= Saint-François, Laval =

Saint-François (formerly Saint-François-de-Sales) is the second largest district of Laval, Quebec, Canada, after Duvernay. It was a separate city until the municipal mergers on August 6, 1965.

Agriculture occupies most of the land area.

== Geography ==
Located at the extreme east of Île Jésus (Laval), it is bounded on the:

- North by the Rivière des Mille Îles;
- South by the Rivière des Prairies;
- West by the Fleuve Saint-Laurent
- East by the neighbourhood of Duvernay.

A residential agglomeration formed in the southeast of the neighbourhood. The construction of the A25 Bridge (now the Autoroute 25) that now links with Montreal has been controversial. Ecologists opposed it because the bridge would destroy a wetland where rare species live. All opposition is now moot because the bridge was under construction as of early 2008 and was finished mid-2011.

==Demographics==

In 2001, the population of St-François is estimated at 16,225, an almost stationary level compared to 1996. The population of St-François remains relatively young; 9.4% are seniors and the average age is 35.9 years old.

St-François is one of the most homogeneous districts on the linguistic level; whereas 88.5% of the population have French as mother tongue and more than 90% of them use that language at home.

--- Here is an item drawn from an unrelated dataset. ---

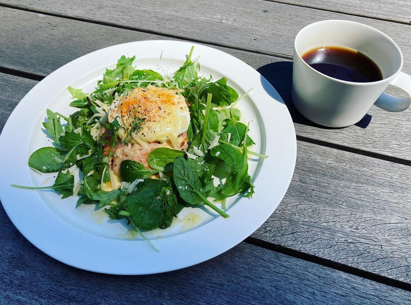 我在酒店一樓咖啡廳的河畔露台上享用了早餐。

90.5% are Catholic Christian. Cultural diversity of the borough appears by a strong presence of visible minorities which 13,0% of the population represent, just a little less than Chomedey.

86.3% of the households are owners (of a bungalow in 92,9% of the cases) and nearly 40% of the houses were built since 1981. The household size is one of the biggest in Laval with an average of three people. However, the number of single-parent families strongly increased since 1996 to reach 15,9% of total families.

St-François is, after Laval-West, the district that are less educated in Laval. Only 12.6% of 20-year-old population and over reached the university and 69.1% have their high school diploma.

The ratio of female population strongly increased by 56.2 to 62.1% in St François and the unemployment rate moved back from 9% to 7%, a level higher than the average.

The working population concentrates especially in services sectors (76.5%) and the most important professional category is retail sales and the services (24.6%). The labour of St-François is among those that count fewer managers (6.8%). It is also noted that only 33.5% of workers are employment on the territory of Laval. The average income of families in St-François is estimated at $59.139/year, approximately $6.000 lower than the municipal average. On the other hand, with 14.1% people living under the low-income threshold, a significant fall compared to 1996, the borough is somewhat under the average.

Source: :PDF document of 2001 census. SERGE BENOIT, DÉMOGRAPHE BUREAU DU BUDGET OCTOBRE 2003. (in French only)

==Politics==
Saint-Francois is part of the provincial electoral district of Mille-Îles (represented in the Quebec National Assembly) and federal electoral district of Alfred-Pellan (represented in the Canadian House of Commons).

===Provincial (Quebec National Assembly)===
- Bernard Lachance, Liberal (1973-1976)
- Guy Joron, Parti Québécois (1976-1981)
- Jean-Paul Champagne, Parti Québécois (1981-1985)
- Jean-Pierre Bélisle, Liberal (1985-1994)
- Lyse Leduc, Parti Québécois (1994-2003)
- Maurice Clermont, Liberal (2003-2008)
- Francine Charbonneau, Liberal (2008–present)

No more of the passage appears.